I too have been following this thread with interest as not only do I think the reader can learn about a newer device that looks absolutely fascinating in its capability but also it is very instructive in how a thread can be allowed to develop and the reader can have their initial impressions be modified as the topic develops.
I know next to nothing about hybrid swing blade mill designs and mills that are truly portable versus the term we often use for portability with our WM, TK Baker, Cooks and others.  While I do think that the Warrior mill would still be a bit of a stretch to pack in on your back it is still very portable to some out of the way sites. I can see something like that having a big market in places like Alaska where rivers and air are often the only way in.

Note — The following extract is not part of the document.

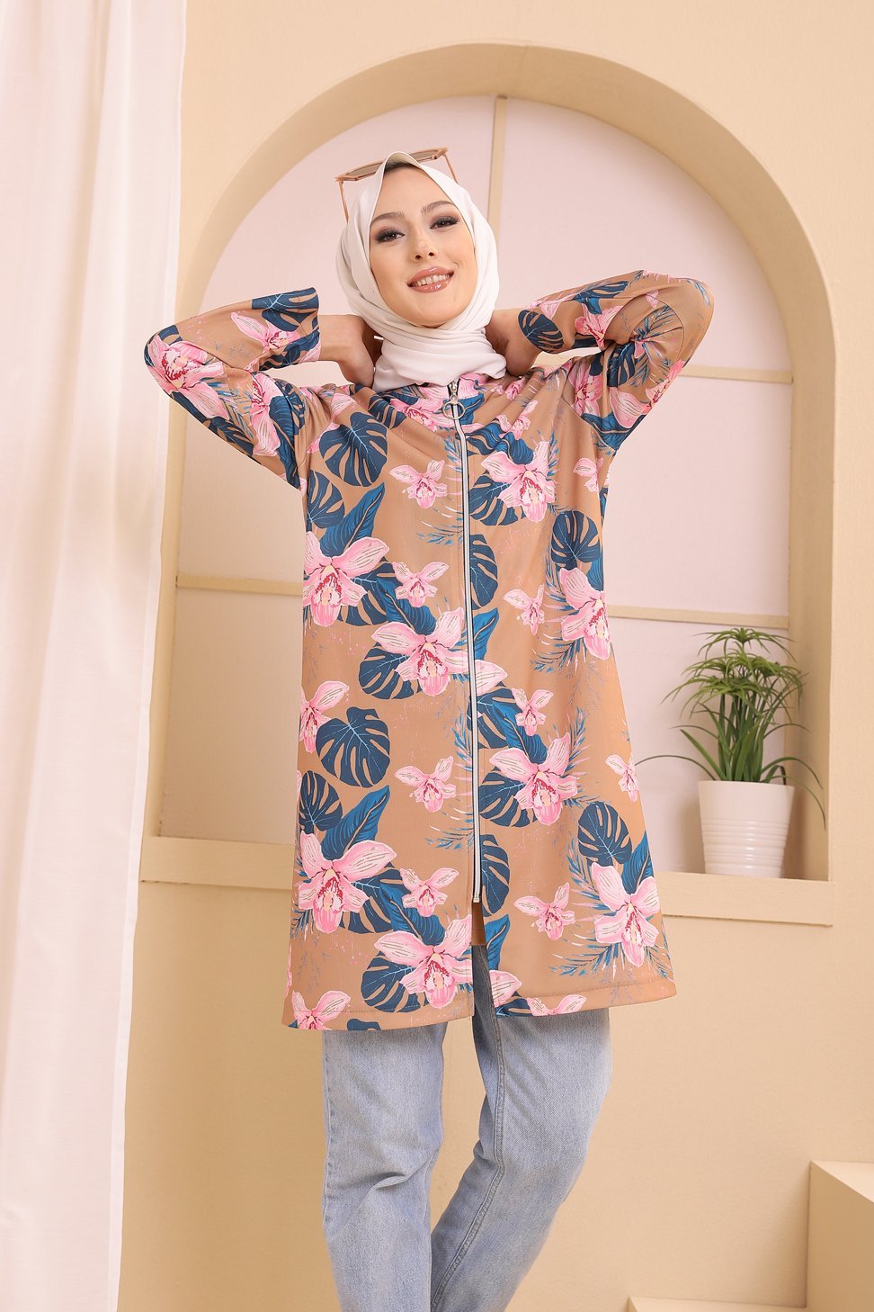 Tunique avec capuche (Tenue décontractée femme musulmane) - Couleur beige - REF. 37471 (28.00 €)

When the thread started I was completely on the side of KiwiBro in that the amount of sag he was seeing "seemed" to be excessive.  While I still tend to believe that it is excessive, when I see how the mill operates, the design and functionality seem  to counter that a good bit.  As was pointed out there are always tradeoffs.  You cannot have light weight, true portability and not have a higher degree of flex in a beam. For the design and weight of the beam that looks pretty good.  With the techniques that Jake seems to have/offer to counter the natural beam sag I would think that it would be quite acceptable.  Having followed and spent the time to look at all the videos (thanks Jake for the 27:05 video link that was great, just wish you had finished all the way to the bottom of the log. I was interested in how the last couple of cuts would go, Oh Well)
I would not hesitate to look at the product if I needed a mill such as the one that is demoed and discussed here. 

Kiwibro
You may have been an uninformed buyer as you did not do enough research or talk to enough other end users of the product to understand the limitations of the design.   Maybe the seller, Jake if he was actually the sales guy, did not push hard enough to make certain that you understood the limitations of a mill that is designed to be that portable and light but it is not the sales guys prime job to accomplish the buyers due diligence on a purchase. That job falls to the buyer.
From the postings that have been made here it appears that Jake has made nearly every reasonable effort to satisfy your issue with a solution.  I am not saying that his solutions are going to resolve the problems but you have not availed yourself of the possibility of a solution.  You just keep saying the same thing over and over.  I understand you are not happy, I might not be either but you have not allowed Jake's attempts to resolve your problem come to fruition. 
Yes it is a good distance drive to have to drag the device back to him.  I would not be happy either to make the drive.  Unless he agrees to drive and meet you half-way or something you are getting no where at the moment.  You are not happy with the mill but you have done nothing to help Jake resolve it with you.  You have, or so it seems, done nothing but complain while Jake has tried to offer you solutions.  You have prevented him from  helping you.  Now he seems to offer to help you sell it for the price you paid (I think I interpreted that correctly). 

Overall Jake and his product have received what I feel is actually pretty good publicity as a result of your actions.  (seems hard to believe but I think so)
People now know of a device that they otherwise would never have seen.  They see what looks like pretty reasonable customer service.  You complain about an issue that seems at face value to be valid.  The company offers a solution and or multiple solutions that should help you. You publicly kind of ignore them and keep complaining.  Now you seem to be the bad guy.  Not saying that there may not be more going on in the background but Jake comes out smelling like roses and you end up with the bad smell on you, as you fail to take him up on any solution offered.  Yes, time is money but how much time have you spent and gotten nowhere near a solution.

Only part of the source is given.